# 1. Setup

In [1]:
import pandas as pd
import numpy as np
import matplotlib.pyplot as plt
import seaborn as sns
from scipy import stats
from scipy.stats import chi2_contingency
from sklearn.feature_selection import f_classif, mutual_info_classif
from scipy.stats import pointbiserialr
import warnings
warnings.filterwarnings("ignore")
# Set visual style
sns.set_theme(style="whitegrid")

%matplotlib inline

SEED  = 42

In [2]:
train = pd.read_csv('train_processed.csv').set_index("participant_id")
test = pd.read_csv('test_processed.csv').set_index("participant_id")

labels = pd.read_excel("data/TRAIN/TRAINING_SOLUTIONS.xlsx").set_index("participant_id")

train = train.sort_index()
labels = labels.sort_index()
assert all(train.index == labels.index), "Label IDs do not match train IDs"

X_train = train.copy()
y_train_sex = labels['Sex_F']
y_train_adhd = labels['ADHD_Outcome']

In [3]:
# label_df = labels.copy()

# # Plot: ADHD_Outcome
# plt.figure(figsize=(4, 4))
# sns.countplot(x=label_df["ADHD_Outcome"], palette="Set2")
# plt.title("Distribution of ADHD_Outcome")
# plt.xticks([0, 1], ['No ADHD (0)', 'ADHD (1)'])
# plt.ylabel("Count")
# plt.tight_layout()
# plt.show()

# # Plot: Sex_F
# plt.figure(figsize=(4, 4))
# sns.countplot(x=label_df["Sex_F"], palette="pastel")
# plt.title("Distribution of Sex_F")
# plt.xticks([0, 1], ['Male (0)', 'Female (1)'])
# plt.ylabel("Count")
# plt.tight_layout()
# plt.show()

# 2. Feature Correlation

In [4]:
F_sex, p_sex = f_classif(X_train, y_train_sex)
mi_sex = mutual_info_classif(X_train, y_train_sex, random_state=SEED)
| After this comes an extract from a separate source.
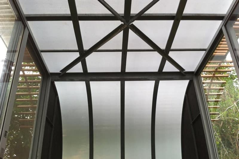 Este artículo es para desvelar más características de la Casa Arco. El conjunto mantiene un sencillo sistema constructivo, formado por perfiles metálicos. Sobre esa base metálica se atornillan unos paneles, algunos de ellos translúcidos (policarbonato). Pero lo mejor de todo es que se puede empaquetar en cajas de 122 x 300 x 91cm. Ese detalle facilita notablemente su transporte, a pesar de ser un módulo de gran envergadura, pues no hay más que fijarse en su escala.

F_adhd, p_adhd = f_classif(X_train, y_train_adhd)
mi_adhd = mutual_info_classif(X_train, y_train_adhd, random_state=SEED)

corr_sex = []
corr_adhd = []

for feature in X_train.columns:
    try:
        corr_s, _ = pointbiserialr(X_train[feature], y_train_sex)
        corr_a, _ = pointbiserialr(X_train[feature], y_train_adhd)
    except:
        corr_s, corr_a = float('nan'), float('nan')
    corr_sex.append(corr_s)
    corr_adhd.append(corr_a)

In [6]:
len(X_train.columns)

26

In [5]:
features = X_train.columns

df_sex = pd.DataFrame({
    "feature": features,
    "MI": mi_sex,
    # "F_stat": F_sex,
    "p_value": p_sex,
    "correlation": corr_sex
}).sort_values(by="p_value", ascending=True)

df_adhd = pd.DataFrame({
    "feature": features,
    "MI": mi_adhd,
    # "F_stat": F_adhd,
    "p_value": p_adhd,
    "correlation": corr_adhd
}).sort_values(by="p_value", ascending=True)

In [7]:
df_sex

Unnamed: 0,feature,MI,p_value,correlation
13,SDQ_SDQ_Hyperactivity,0.033005,8.508961e-07,-0.140801
16,SDQ_SDQ_Prosocial,0.017117,1.686387e-05,0.1232
11,SDQ_SDQ_Externalizing,0.00216,2.73256e-05,-0.120127
10,SDQ_SDQ_Emotional_Problems,0.016073,0.000169272,0.107782
1,ColorVision_CV_Score,0.0,0.0002374002,0.105347
7,APQ_P_APQ_P_PP,0.0,0.0154967,-0.069488
4,APQ_P_APQ_P_INV,0.037198,0.02605546,-0.063897
5,APQ_P_APQ_P_OPD,0.0,0.03451433,-0.060705
14,SDQ_SDQ_Internalizing,0.001086,0.0478766,0.056819
8,SDQ_SDQ_Conduct_Problems,0.0,0.0824584,-0.049882


In [None]:
df_adhd

# 3. Feature Engineering

## 3.1 Arbitrary Threshold

In [None]:
# Filter the DataFrame for features with p-value < 0.05 and abs(correlation) > 0.1
df_sex_filtered = df_sex[(df_sex["p_value"] < 0.05) & (df_sex["correlation"].abs() > 0.05)]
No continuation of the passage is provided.